Today’s internet readers are extremely visual. To catch their eyes while they are scrolling through their feeds, you should include at least one graphic image per blog post. In this section, we will cover the basics of graphic design, copyright rules pertaining to images, and resources to get you started designing your own graphics.
Designing your own graphics might sound intimidating, but it does not have to be hard! Keep a few simple rules in mind. Text should be large enough that it can be easily read. You should only use two to three font styles per graphic. Text colors should be easy to read. In general, this means you should avoid using light colors like yellow for your text. However, you could potentially use light colors if they contrast strongly with your background. For example, you would not want to use yellow text on a white background, but you could use yellow text on a black background.

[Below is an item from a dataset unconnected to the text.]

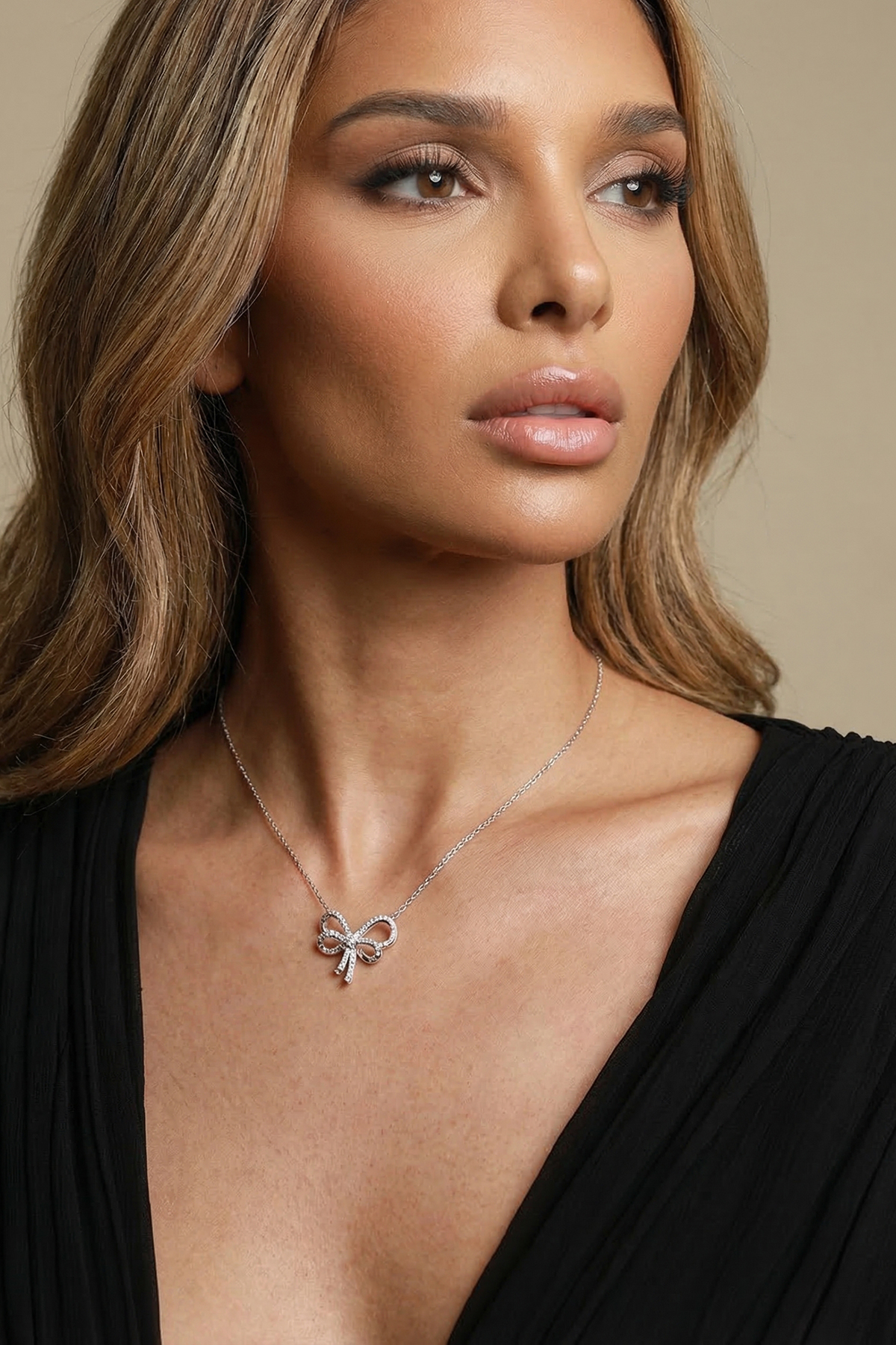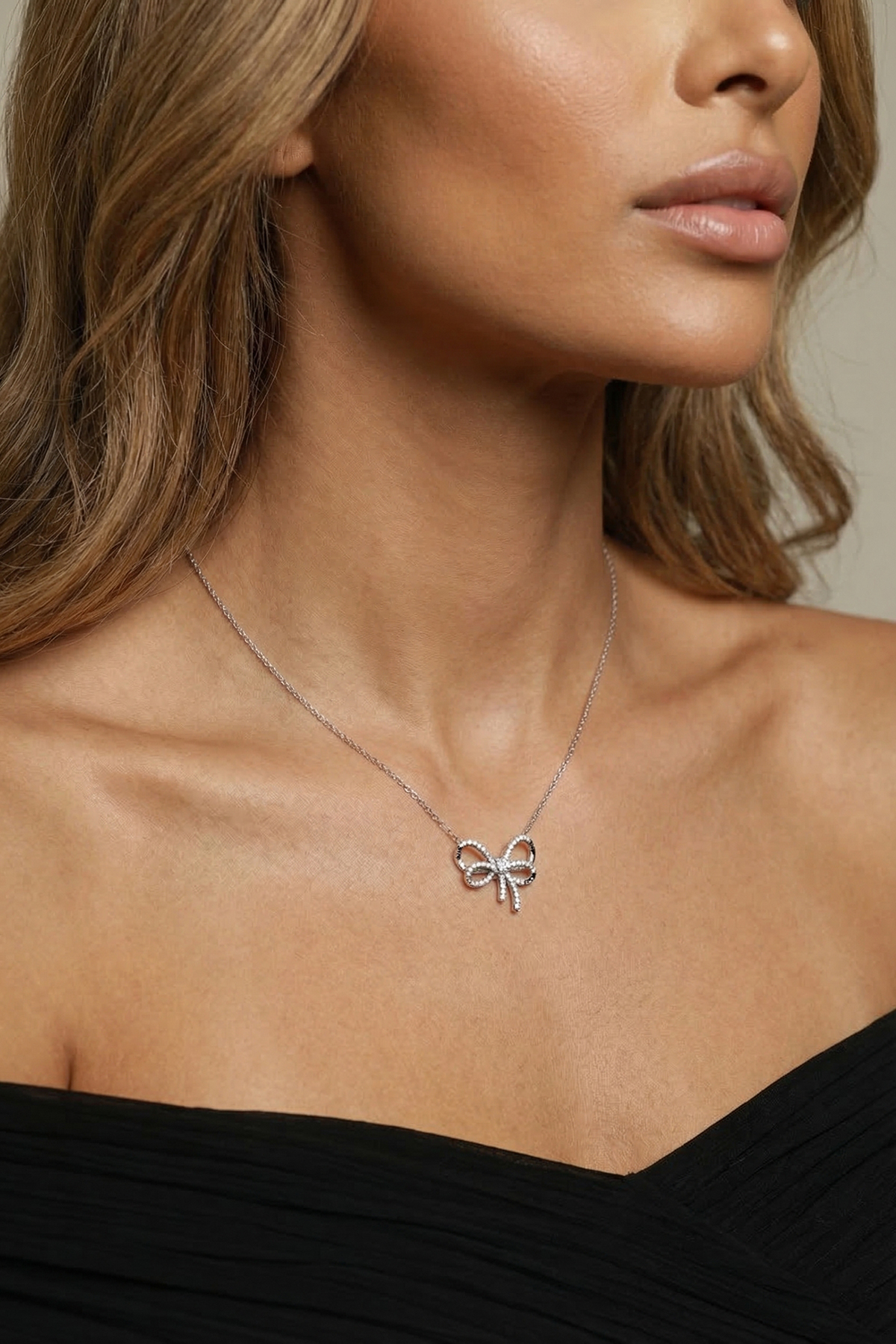 Lant din argint Manissi Zirconia Bow placat cu rodiu, placare subtire standard de 0.6 microni. Lantul este la baza gatului cu pandantiv de 2 cm sub forma de fundita. Lantul are lungimea de 38 cm cu prelungire de 5.5 cm.

You will also want to make sure that your blog graphics are using your blog theme colors and the fonts you use on the blog itself. This will ensure that your blog is branded across social media channels. Additionally, you should put your blog logo or your blog name or web address somewhere on the graphic.

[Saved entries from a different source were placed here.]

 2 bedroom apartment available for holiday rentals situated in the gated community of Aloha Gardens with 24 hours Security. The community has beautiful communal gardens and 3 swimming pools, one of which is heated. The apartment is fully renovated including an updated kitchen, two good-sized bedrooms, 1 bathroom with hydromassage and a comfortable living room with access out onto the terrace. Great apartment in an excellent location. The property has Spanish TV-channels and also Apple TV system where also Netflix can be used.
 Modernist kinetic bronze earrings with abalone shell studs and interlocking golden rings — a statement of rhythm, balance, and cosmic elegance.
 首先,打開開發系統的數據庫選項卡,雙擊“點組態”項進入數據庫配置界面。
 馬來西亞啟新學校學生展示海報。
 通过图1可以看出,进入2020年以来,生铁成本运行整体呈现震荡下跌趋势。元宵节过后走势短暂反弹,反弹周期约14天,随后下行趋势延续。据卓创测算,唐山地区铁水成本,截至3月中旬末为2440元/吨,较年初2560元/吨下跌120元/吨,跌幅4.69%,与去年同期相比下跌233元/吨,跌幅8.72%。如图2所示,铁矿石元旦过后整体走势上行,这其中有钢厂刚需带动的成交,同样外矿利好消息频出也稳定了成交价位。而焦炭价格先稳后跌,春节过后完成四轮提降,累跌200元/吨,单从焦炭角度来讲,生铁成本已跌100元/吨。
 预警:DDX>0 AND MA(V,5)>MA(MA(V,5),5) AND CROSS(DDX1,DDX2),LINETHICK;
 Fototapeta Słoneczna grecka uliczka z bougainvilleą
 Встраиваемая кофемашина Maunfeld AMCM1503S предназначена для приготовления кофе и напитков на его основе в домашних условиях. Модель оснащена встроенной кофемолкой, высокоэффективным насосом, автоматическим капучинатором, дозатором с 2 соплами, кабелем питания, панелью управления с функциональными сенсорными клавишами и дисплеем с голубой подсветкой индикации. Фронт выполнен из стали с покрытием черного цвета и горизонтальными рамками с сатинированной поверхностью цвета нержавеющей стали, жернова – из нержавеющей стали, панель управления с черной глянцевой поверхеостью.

If you are planning to market your blog content on social media platforms, try to use the specific graphic sizes and formats appropriate for each channel. For example, Pinterest graphics are usually vertical, Instagram photos are square, and Facebook and Twitter photos are more rectangular. Horizontal (rectangle) images are commonly used on blogs themselves as headers for each post. However, if you are planning to pin your content on Pinterest, you can use vertical images for your post headers and then use that same image on Pinterest.

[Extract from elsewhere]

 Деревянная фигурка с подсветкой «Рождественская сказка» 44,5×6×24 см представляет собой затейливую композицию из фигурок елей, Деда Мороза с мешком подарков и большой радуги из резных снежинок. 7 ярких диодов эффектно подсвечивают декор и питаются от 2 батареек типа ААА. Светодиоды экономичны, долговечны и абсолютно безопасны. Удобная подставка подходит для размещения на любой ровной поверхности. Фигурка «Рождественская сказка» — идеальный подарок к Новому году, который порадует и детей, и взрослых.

Below are examples of a vertical Pinterest graphic, a square Instagram graphic, and a blog banner. Note that each only uses two different front styles, the text contrasts with its background, and the blog name or series is mentioned on the image.
Once you create your graphics, you will probably want to save them as a PNG file rather than as a JPEG. JPEGs generally take up less space, but they can be lower quality. Additionally, the quality of a JPEG can degrade over time as it is opened and saved, but the quality of an PNG will not.